Keynote Speakers
Ronald Hanson
QuTech, NETHERLANDS
About the Speaker
Ronald Hanson (1976) is a Distinguished Professor at Delft University of Technology and a principal investigator at QuTech. He is one of the four founding professors of QuTech (2014), serving as its Scientific Director from 2016 to 2020. Ronald was the main driving force in establishing the 7-year, € 615 million national program Quantum Delta NL, leading the team in the run-up phase and serving as the first chairman of its Executive Board (2021-2023).

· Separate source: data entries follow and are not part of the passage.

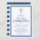 Invitation Religieux Garçon Argent Bleu Première Sainte Commu
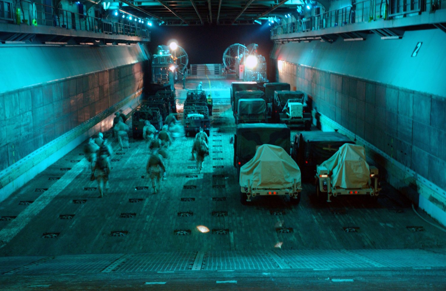 248k | US Marines assigned to the 22nd Marine Expeditionary Unit (Special Operations Capable) load onto an Landing Craft Air Cushion (LCAC) assigned to Assault Craft Unit Four (ACU-4), Northern Arabian Gulf, 24 March 2004. The Marines are conducting offload operations aboard the amphibious assault ship USS Wasp (LHD-1). Wasp and her embarked 22nd Marine Expeditionary Unit (Special Operations Capable) are currently on deployment in the 5th Fleet Area of Responsibility (AOR) as the lead ship for Expeditionary Strike Group Two (ESG 2). US Navy photo # 040324-N-7586B-078 by PH1 Bart Bauer. |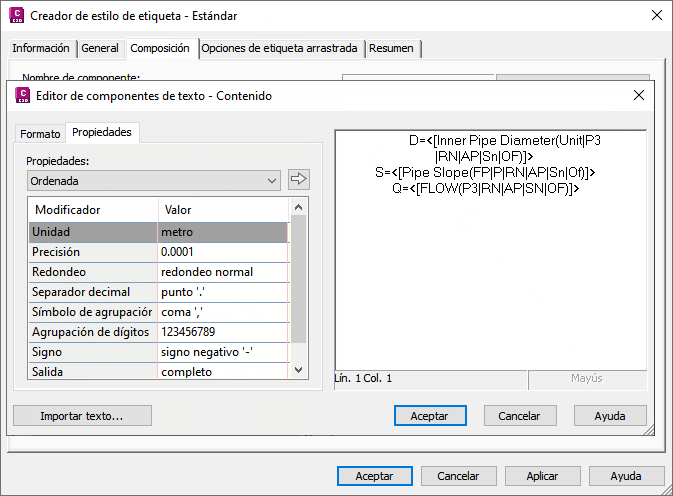 El siguiente paso consiste en crear un estilo de etiqueta de tubería para la planta y el perfil que muestre este valor de caudal. En la figura 12 se muestra un ejemplo de este estilo de etiqueta, con los parámetros hidráulicos correspondientes: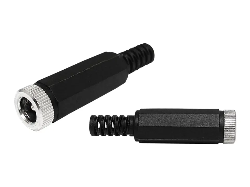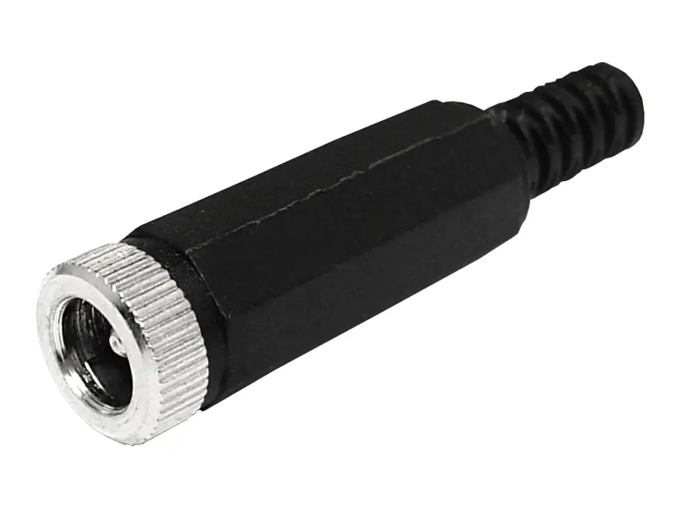 2.5/5.5 power socket for cable with bend. Dimensions:Diameter: 5.5mmPin diameter: 2.5mmMaximum cable diameter: 5mm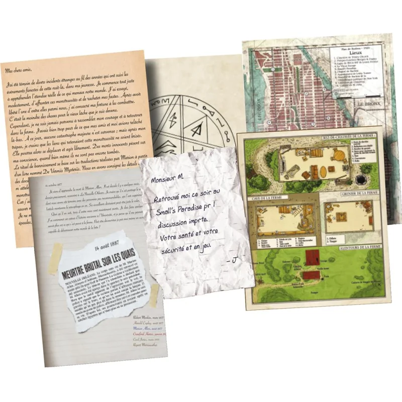1 farde dossier contenant les fiches de personnages pré tirés et/ou la possibilité d'en créer de nouveaux, des cartes et documents pour le maître du jeu pour aider dans les scénarios.Exemplaires (1)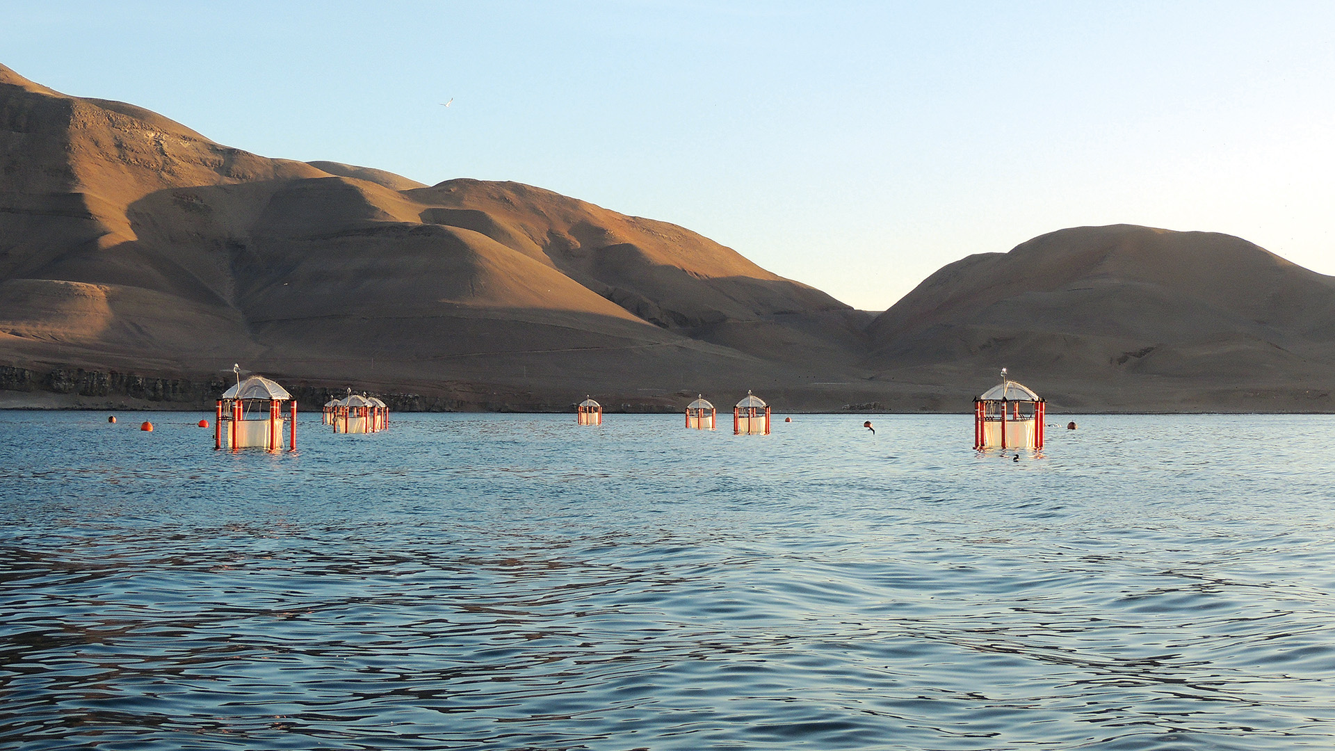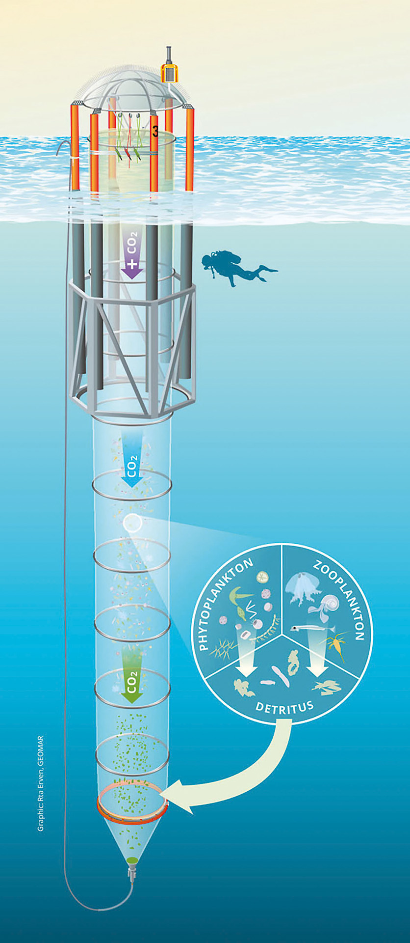 Wie reagieren komplexe marine Lebensgemeinschaften über einen längeren Zeitraum auf die Ozeanversauerung? Wie wirken sich die Reaktionen einzelner Spezies, aber auch der gesamten Planktongemeinschaft auf die Stoff- und Energiekreisläufe im Meerwasser aus? Wie beeinflussen diese Wechselwirkungen das marine Nahrungsnetz? Die KOSMOS (Kiel Offshore Mesocosms for Future Ocean Simulations) Mesokosmen ermöglichen einen Blick in den Ozean der Zukunft: In den abgeschlossenen Welten können zukünftige Bedingungen simuliert und die Reaktionen mariner Lebensgemeinschaften wie in riesigen Reagenzgläsern untersucht werden.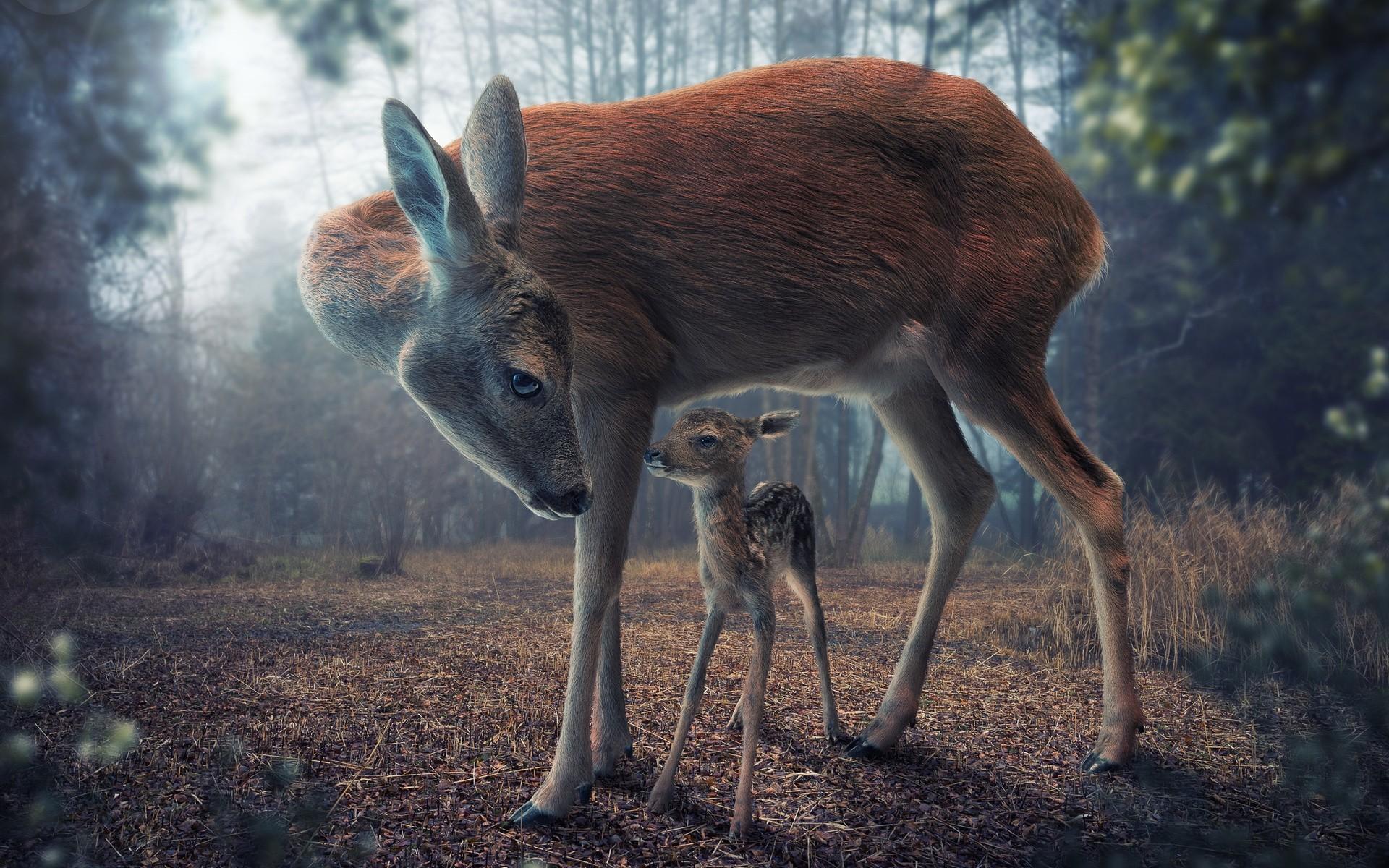 Wallpaper Mom and fawn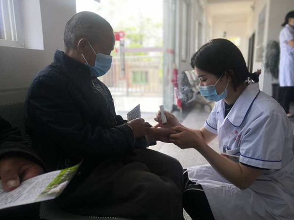 一大早,护理部主任王友琼带领20名护士来到广元市利州区敬老院,给他们送去水果、牛奶、鸡蛋等营养品,同时为每位老年人做好基本健康指标检测。护士们充分发挥中医院特色优势,通过熏艾灸来增强身体局部的血液循环与淋巴循环,调节经络,让老年人达到防病保健的良好作用;外一科护士长王映红带领大家做肺力操,希望老年人在日常生活中要加强锻炼,多做健身操,保护好身体。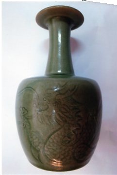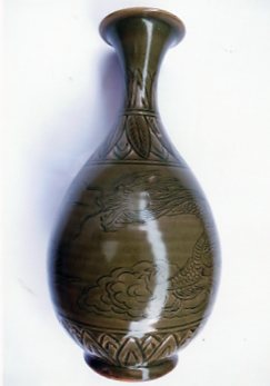 一只五芝麻釘崇寧元年款豆青冰裂刻印龍戲珠紋紙搥瓶開啟宋官汝窯的面紗按崇寧為北宋微宗年號元年為西元1102年若以此瓶為標準瓷則北宋微宗官汝窯陶瓷已經出現其特徵釉為冰釉年代久遠已產生釉裂如皮膚紋般可見胎底有橘皮紋目前釉色為豆青粉青胎為紫胎有紫口紫足特徵紋飾工藝為素紋與暗花有龍戲珠紋朵花紋花瓣紋器形有花朵碗三足陰弦紋圓洗紙搥瓶等並查相關資料此瓷為汝州文廟新窑器此瓶與耀州青瓷老龍行雲紋玉壺春瓶龍紋及釉色相比對相似度也有八十百分比因此汝州新窯器的窯工可能有來自耀州窯工之可能性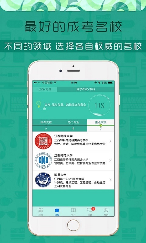 提供自考全程免费流程指引,覆盖报名、审核、报考、缴费、考试、查询成绩、论文答辩和领取毕业证等共20多个步骤,提供时间提醒、地址定位、真实官网、资料准备、办事程序等。伴我考自学考试还专门为您推荐重点院校及热门专业,并根据课程考试计划来引导你的学习和考试。从择校到毕业一站式解决,助您早日获取毕业证!【更新日志】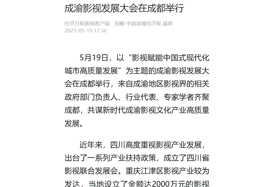 巴蜀文化一脉相承,有着高度融合的文化基因。成渝地区双城经济圈建设为川渝影视产业发展提供了广阔前景,也为加强彼此交流合作提供了更多机遇。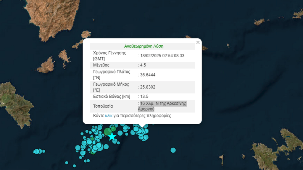Σχετικά με τον σεισμό των 4,5 Ρίχτερ, το επίκεντρο της δόνησης εντοπίζεται στα 13 χλμ. Νότια της Αρκεσίνης Αμοργού, ενώ το εστιακό βάθος υπολογίζεται στα 13,5 χλμ.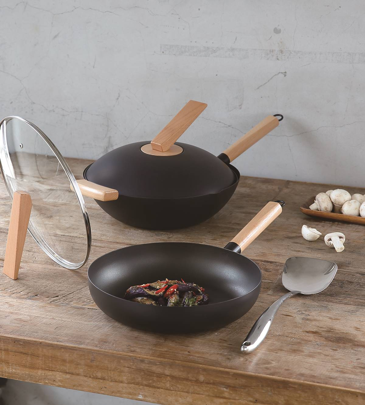 廚房新手炒菜時,最怕掀蓋那一刻,眼前整鍋滾燙高溫,鍋蓋不知往哪擺?HOLA炙鐵鍋系列的鍋蓋,採高腳椅型把手設計,並以溫潤木質取代冰冷的金屬材質,不怕燙手,且可優雅穩固直立擺放。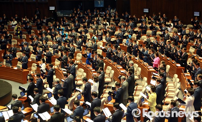 (서울=포커스뉴스) 13일 오전 서울 여의도 국회에서 열린 20대 국회 개원식에 참석한 의원들이 선서를 하고 있다.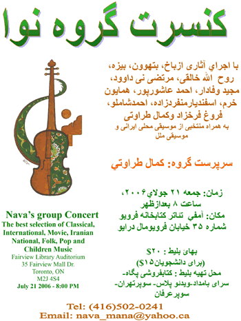 'کنسرت گروه نوا در تورنتو، جمعه ۲۱ جولای'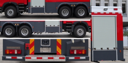 | 其他 | 罐体总容积为11.600立方米,水罐容积:9.500立方米,水罐尺寸:2950×2490×1350mm。整体式侧防护结构,后防护装置材料:Q235A,截面尺寸:80×120mm,与车辆连接方式:螺栓连接,后防护离地高度:445mm,ABS生产企业为威伯科(上海)管理有限公司,型号为4460046300。主要专用装置有消防泵、消防炮。 | ||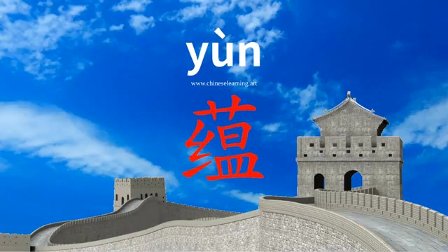 蕴 (yùn) depth; inner strength; profundity; to accumulate; hold in store; contain; gather together

Ronald’s research focuses on exploring and controlling quantum-entangled states, with the long-term goal of leveraging these in future quantum technologies, such as quantum computing and the quantum internet. His work combines quantum optics, solid-state physics, nuclear magnetic resonance, quantum information theory and nanofabrication. In 2014, his group made headlines by teleporting quantum data between electrons on distant solid-state chips. In 2015, he ended a decades-long scientific quest by performing the first loophole-free Bell test. In 2018, his group achieved a significant milestone by generating quantum entanglement faster than it would be lost. In 2021, his team realized the world’s first multi-node entanglement-based quantum network in the lab. In the coming years, he aims to build on these results to demonstrate the fundamentals of a future quantum internet on the road towards large-scale deployment.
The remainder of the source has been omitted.